◆ Work instruction
The expected output is every record below, transcribed exactly, with the pictures left out.

Data excerpts:
*-*-*
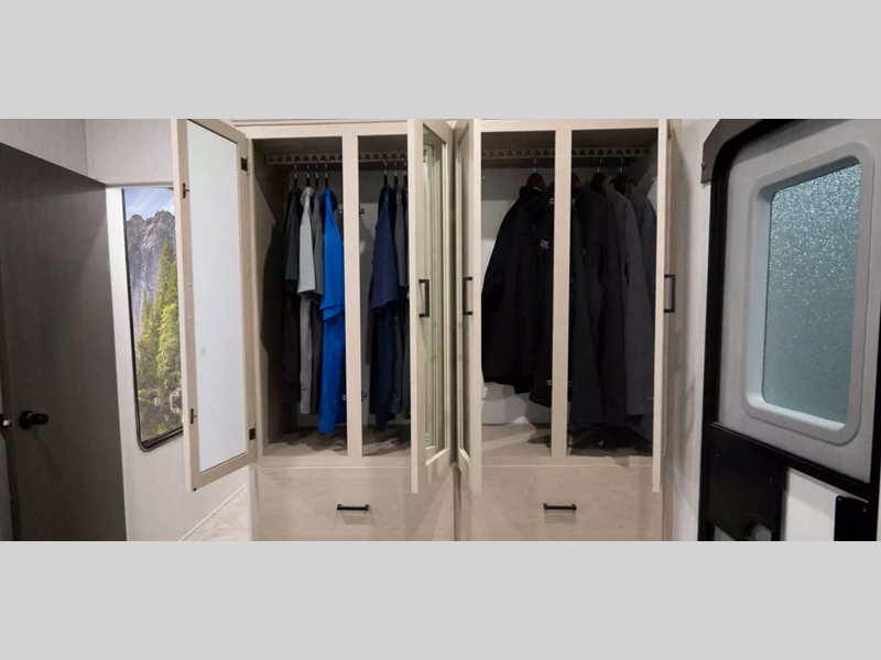 Sleeps 6 Slides 3 Length 43 ft 10 in Ext Width 8 ft Ext Height 12 ft 8 in Int Height 8 ft Hitch Weight 1475 lbs Dry Weight 11484 lbs Cargo Capacity 1991 lbs Fresh Water Capacity 40 gals Grey Water Capacity 70 gals Black Water Capacity 80 gals Available Beds Two Queen with Versa Tilt Refrigerator Type Stainless Steel Number of Awnings 1 Water Heater Type On Demand Tankless Awning Info 21' with LED "Blade Lighting" Under Awning Axle Count 2 Shower Type Walk-In Shower Similar Floorplans
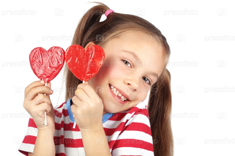 Ребенок, держащий конфеты в форме сердца
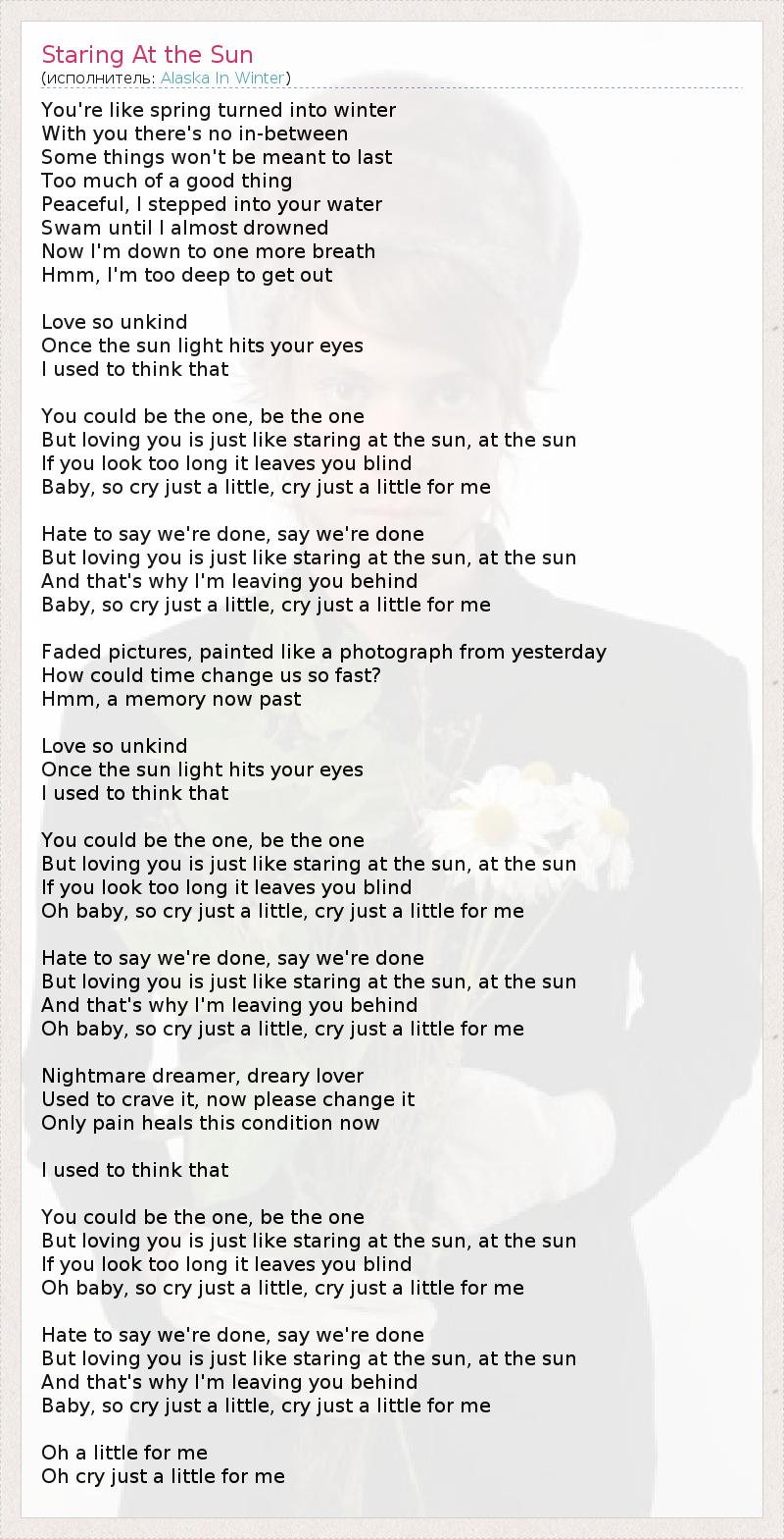 You're like spring turned into winter With you there's no in-between Some things won't be meant to last Too much of a good thing Peaceful, I stepped into your water Swam until I almost drowned Now I'm down to one more breath Hmm, I'm too deep to get out Love so unkind Once the sun light hits your eyes I used to think that You could be the one, be the one But loving you is just like staring at the sun, at the sun If you look too long it leaves you blind Baby, so cry just a little, cry just a little for me Hate to say we're done, say we're done But loving you is just like staring at the sun, at the sun And that's why I'm leaving you behind Baby, so cry just a little, cry just a little for me Faded pictures, painted like a photograph from yesterday How could time change us so fast? Hmm, a memory now past Love so unkind Once the sun light hits your eyes I used to think that You could be the one, be the one But loving you is just like staring at the sun, at the sun If you look too long it leaves you blind Oh baby, so cry just a little, cry just a little for me Hate to say we're done, say we're done But loving you is just like staring at the sun, at the sun And that's why I'm leaving you behind Oh baby, so cry just a little, cry just a little for me Nightmare dreamer, dreary lover Used to crave it, now please change it Only pain heals this condition now I used to think that You could be the one, be the one But loving you is just like staring at the sun, at the sun If you look too long it leaves you blind Oh baby, so cry just a little, cry just a little for me Hate to say we're done, say we're done But loving you is just like staring at the sun, at the sun And that's why I'm leaving you behind Baby, so cry just a little, cry just a little for me Oh a little for me Oh cry just a little for me
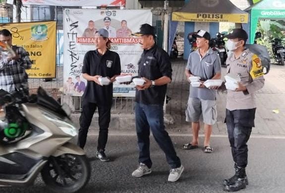 Sebanyak 100 nasi kotak dibagikan kepada warga dan pengguna jalan yang melintas di Bundaran JORR Jatiwarna.
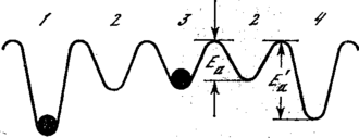 Таким чином, разупорядочение в кристалах має глибокий стимул, що йде від самої суті речей. Щоб конкретніше пояснити це найважливіше для наступного положення, звернемося знову до моделі кристалічної структури. Іони, що утворять ґратку, займають визначені положення в просторі. Спробуємо наочно представити, що утримує їх у цих фіксованих положеннях. Усі частки у твердому тілі — у тому числі іони в кристалі —.знаходяться в полі навколишніх їхніх часток. Результуюче колективне силове поле змінюється в просторі від точки до точки, створюючи своєрідний «енергетичний рельєф місцевості». Вид такого «рельєфу» уздовж одного з напрямків для іона, що знаходиться в кристалі, схематично зображений на мал. 4. І міжвузілля, і вузли — це як би ямки для важкої кульки — іона. Глибокі ямки відповідають вузлам, а більш дрібні — міжвузіллям. Співвідношення між кількістю вузлів і міжвузілль залежить від конкретної структури кристалічних ґрат. При температурі абсолютного нуля Т=0, відповідно до термодинамічних принципів, система знаходиться в найнижчому енергетичному стані: всі іони розташовані в глибоких ямках — вузлах, а між вузлами іонів немає. Нехай тепер температура підвищилася: Т>0. Разом з температурою збільшилася й амплітуда коливань кристалічних ґрат. У результаті таких теплових коливань, тобто як би тремтіння дна і стінок ямки разом з іоном, іон здобуває мож
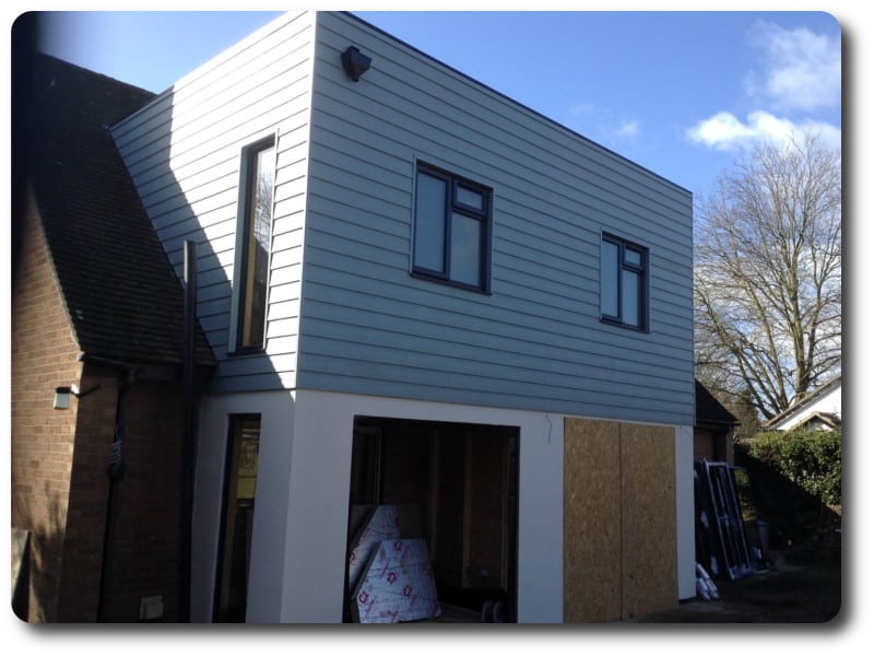 - Installation of the blue/grey Cedral Weatherboard Cladding
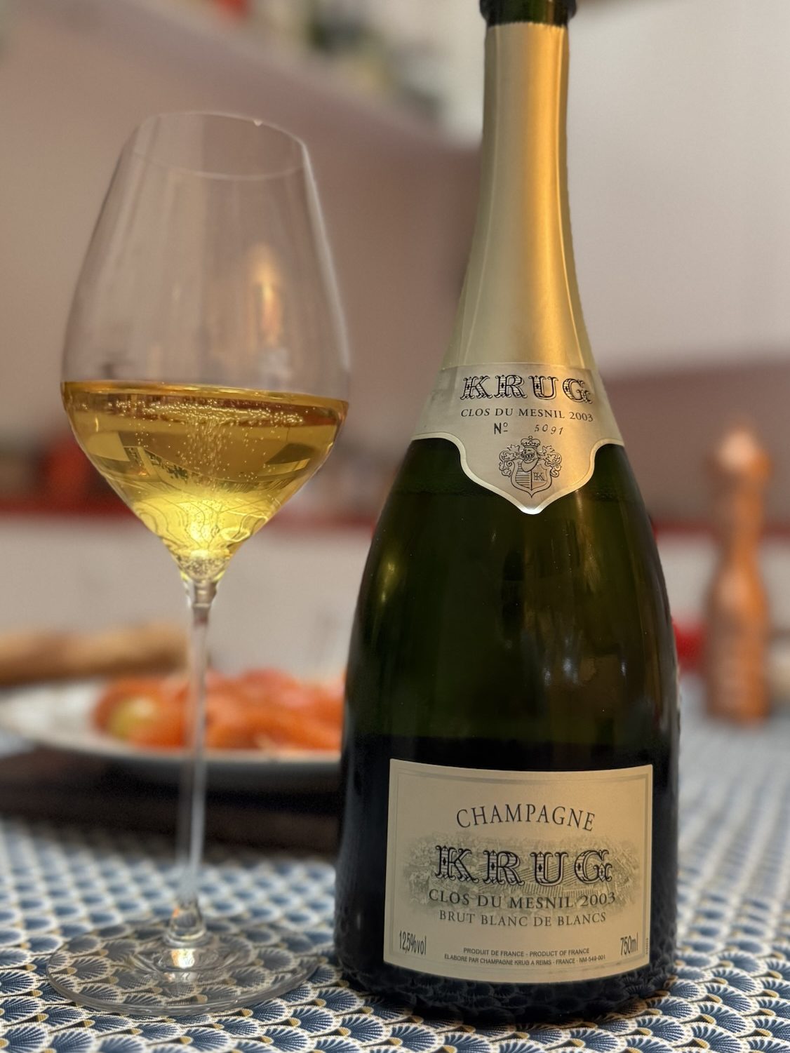 Quelques semaines plus tard, grâce à un grand amateur de vin, j’ai eu la chance de déguster un millésime plus ancien : le Krug Clos du Mesnil 2003. Autant le dire d’emblée : 2003 est un cas à part dans l’histoire du Clos. L’année de la canicule, la plus chaude depuis 1540 selon certaines sources, a mis la Champagne à rude épreuve : un hiver et un printemps très secs et une floraison précoce suivie de deux gelées sévères et d’un été caniculaire conduisant à des vendanges fin août. La maison évoque dans ses notes un contraste saisissant entre la violence du millésime et l’expression équilibrée, presque fraîche, du chardonnay du Clos.
*-*-*
◆ Answer below
 Sleeps 6 Slides 3 Length 43 ft 10 in Ext Width 8 ft Ext Height 12 ft 8 in Int Height 8 ft Hitch Weight 1475 lbs Dry Weight 11484 lbs Cargo Capacity 1991 lbs Fresh Water Capacity 40 gals Grey Water Capacity 70 gals Black Water Capacity 80 gals Available Beds Two Queen with Versa Tilt Refrigerator Type Stainless Steel Number of Awnings 1 Water Heater Type On Demand Tankless Awning Info 21' with LED "Blade Lighting" Under Awning Axle Count 2 Shower Type Walk-In Shower Similar Floorplans
 Ребенок, держащий конфеты в форме сердца
 You're like spring turned into winter With you there's no in-between Some things won't be meant to last Too much of a good thing Peaceful, I stepped into your water Swam until I almost drowned Now I'm down to one more breath Hmm, I'm too deep to get out Love so unkind Once the sun light hits your eyes I used to think that You could be the one, be the one But loving you is just like staring at the sun, at the sun If you look too long it leaves you blind Baby, so cry just a little, cry just a little for me Hate to say we're done, say we're done But loving you is just like staring at the sun, at the sun And that's why I'm leaving you behind Baby, so cry just a little, cry just a little for me Faded pictures, painted like a photograph from yesterday How could time change us so fast? Hmm, a memory now past Love so unkind Once the sun light hits your eyes I used to think that You could be the one, be the one But loving you is just like staring at the sun, at the sun If you look too long it leaves you blind Oh baby, so cry just a little, cry just a little for me Hate to say we're done, say we're done But loving you is just like staring at the sun, at the sun And that's why I'm leaving you behind Oh baby, so cry just a little, cry just a little for me Nightmare dreamer, dreary lover Used to crave it, now please change it Only pain heals this condition now I used to think that You could be the one, be the one But loving you is just like staring at the sun, at the sun If you look too long it leaves you blind Oh baby, so cry just a little, cry just a little for me Hate to say we're done, say we're done But loving you is just like staring at the sun, at the sun And that's why I'm leaving you behind Baby, so cry just a little, cry just a little for me Oh a little for me Oh cry just a little for me
 Sebanyak 100 nasi kotak dibagikan kepada warga dan pengguna jalan yang melintas di Bundaran JORR Jatiwarna.
 Таким чином, разупорядочение в кристалах має глибокий стимул, що йде від самої суті речей. Щоб конкретніше пояснити це найважливіше для наступного положення, звернемося знову до моделі кристалічної структури. Іони, що утворять ґратку, займають визначені положення в просторі. Спробуємо наочно представити, що утримує їх у цих фіксованих положеннях. Усі частки у твердому тілі — у тому числі іони в кристалі —.знаходяться в полі навколишніх їхніх часток. Результуюче колективне силове поле змінюється в просторі від точки до точки, створюючи своєрідний «енергетичний рельєф місцевості». Вид такого «рельєфу» уздовж одного з напрямків для іона, що знаходиться в кристалі, схематично зображений на мал. 4. І міжвузілля, і вузли — це як би ямки для важкої кульки — іона. Глибокі ямки відповідають вузлам, а більш дрібні — міжвузіллям. Співвідношення між кількістю вузлів і міжвузілль залежить від конкретної структури кристалічних ґрат. При температурі абсолютного нуля Т=0, відповідно до термодинамічних принципів, система знаходиться в найнижчому енергетичному стані: всі іони розташовані в глибоких ямках — вузлах, а між вузлами іонів немає. Нехай тепер температура підвищилася: Т>0. Разом з температурою збільшилася й амплітуда коливань кристалічних ґрат. У результаті таких теплових коливань, тобто як би тремтіння дна і стінок ямки разом з іоном, іон здобуває мож
 - Installation of the blue/grey Cedral Weatherboard Cladding
 Quelques semaines plus tard, grâce à un grand amateur de vin, j’ai eu la chance de déguster un millésime plus ancien : le Krug Clos du Mesnil 2003. Autant le dire d’emblée : 2003 est un cas à part dans l’histoire du Clos. L’année de la canicule, la plus chaude depuis 1540 selon certaines sources, a mis la Champagne à rude épreuve : un hiver et un printemps très secs et une floraison précoce suivie de deux gelées sévères et d’un été caniculaire conduisant à des vendanges fin août. La maison évoque dans ses notes un contraste saisissant entre la violence du millésime et l’expression équilibrée, presque fraîche, du chardonnay du Clos.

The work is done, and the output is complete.